Waarom recyclage (alleen) het plasticprobleem niet zal oplossen

Iedereen heeft de beelden al wel gezien: stranden waar meer plastic ligt dan zand, koraalriffen vol zooi, walvissen die sterven door plastic in hun maag, en het iconische beeld van het zeepaardje dat een wattenstaafje vasthoudt. Plastic is een probleem. Maar toch vooral een probleem van verre landen, denken we graag, want wij Vlamingen sorteren goed en wij recycleren ons plastic. We zijn goed bezig. Toch? Er zijn nog wel wat haken en ogen aan dat hoeraverhaal, toont “Pano” aan.

Ook in ons land treffen we overal in het milieu plastic aan: onderzoekers van de Universiteit Antwerpen scheppen in een uur tijd een emmer plastic folies (snoeppapiertjes e.d.) uit het Scheldewater, aan de kust voeren de stadsreinigingsdiensten en de vrijwilligers van Properstrandlopers een dagelijkse strijd tegen zwerfvuil, voornamelijk plastic. Het is een strijd die niet te winnen valt.

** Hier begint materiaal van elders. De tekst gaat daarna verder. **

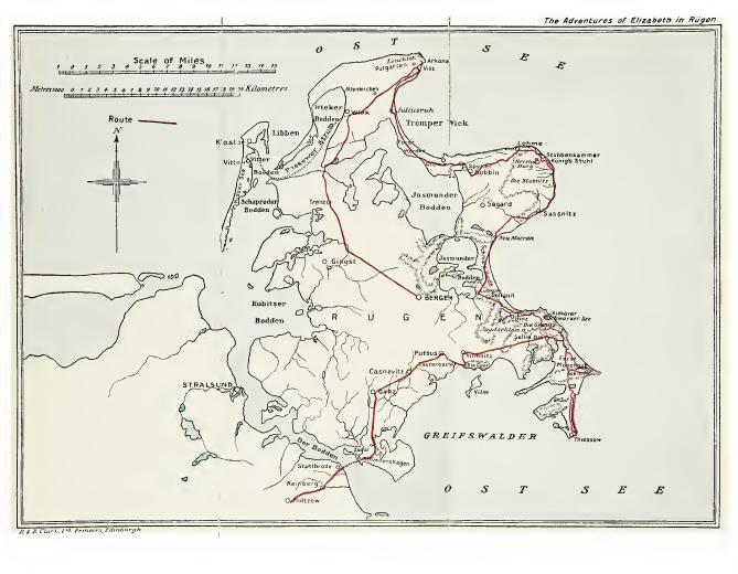 This seemed to me very irresistible. Surely a place that inspired such a mingling of the lofty and the homely in its guide-books must be well worth seeing? There was a drought just then going on at home. My eyes were hot with watching a garden parch browner day by day beneath a sky of brass. I felt that it only needed a little energy, and in a few hours I too might be floating among those jelly-fish, in the shadow of the cliffs of the legend-surrounded island. And even better than being surrounded by legends those breathless days would it be to have the sea all round me. Such a sea too! Did I not know it? Did I not know its singular limpidity? The divineness of its blue where it was deep, the clearness of its green where it was shallow, lying tideless along its amber shores? The very words made me thirsty—amber shores; lazy waves lapping them slowly; vast spaces for the eye to wander over; rocks, and seaweed, and cool, gorgeous jelly-fish. The very map at the beginning of the guide-book made me thirsty, the land was so succulently green, the sea all round so bland a blue. And what a fascinating island it is on the map—an island of twists and curves and inland seas called Bodden; of lakes, and woods, and frequent ferries; with lesser islands dotted about its coasts; with bays innumerable stretching their arms out into the water; and with one huge forest, evidently magnificent, running nearly the whole length of the east coast, following its curves, dipping down to the sea in places, and in others climbing up chalk cliffs to crown them with the peculiar splendour of beeches.

Hoe valt dat te rijmen met ons imago van verwoede sorteerders en recycleerders? Een factor is zeker de oprukkende consumptie buitenshuis. Koffie, broodjes, frisdrank, snoep, fastfood: op elke straathoek kun je eten en drinken kopen “om mee te nemen”, en het aanbod neemt alleen maar toe. Deze verpakkingen maken de grootste kans om zwerfvuil te worden: achtergelaten op het strand, gedumpt in de berm. Maar zelfs als u uw limonadeflesje wel netjes in een straatvuilnisbak deponeert, is er een probleem: het is dan restafval. Dat wordt niet gerecycleerd, maar gaat naar de verbrandingsoven. En dan is het materiaal verloren.

Geen koploper

In België wordt momenteel 44,50 % van het plastic verpakkingsafval gerecycleerd (cijfers Eurostat; Fost Plus spreekt zelf van 42,00 %). Daarmee doet ons land het niet slecht, maar een koploper in Europa zijn we zeker ook niet: we moeten een tiental landen laten voorgaan, waaronder Litouwen, Bulgarije en Tsjechië. Ook Nederland en Duitsland doen beter.

Daarom lanceert Fost Plus, de organisatie van verpakkingsproducenten en supermarkten die verantwoordelijk is voor de inzameling en recyclage van verpakkingen, nu geleidelijk aan de uitgebreide blauwe zak. Daarin mag u veel meer plastic verpakkingen gooien: ook uw yoghurtpotjes, folies en plastic schaaltjes. Vlaanderen wil tegen 2023 65,00 % van de plastic verpakkingen recycleren.

Te rooskleurig

Alleen: er is een probleem met de cijfers. Die worden te rooskleurig ingeschat. Kijken we bijvoorbeeld naar de recyclage van petflessen, het best recycleerbare materiaal: bijna 83,00 % daarvan wordt momenteel ingezameld en gerecycleerd, zegt Fost Plus (2017). Maar in de praktijk gaan daar nog een aantal procenten van af, omdat ook restjes vocht in de flesjes, etiketten en foutief gesorteerde verpakkingen e.d. worden meegeteld. Europa gaat wel een nieuwe meetmethode invoeren – voor alle landen dezelfde – die alleen meerekent wat er effectief gerecycleerd wordt. Dan zullen de cijfers dus lager uitvallen. Het is de vraag of we die 65,00 %-doelstelling voor plasticrecyclage dan gaan halen.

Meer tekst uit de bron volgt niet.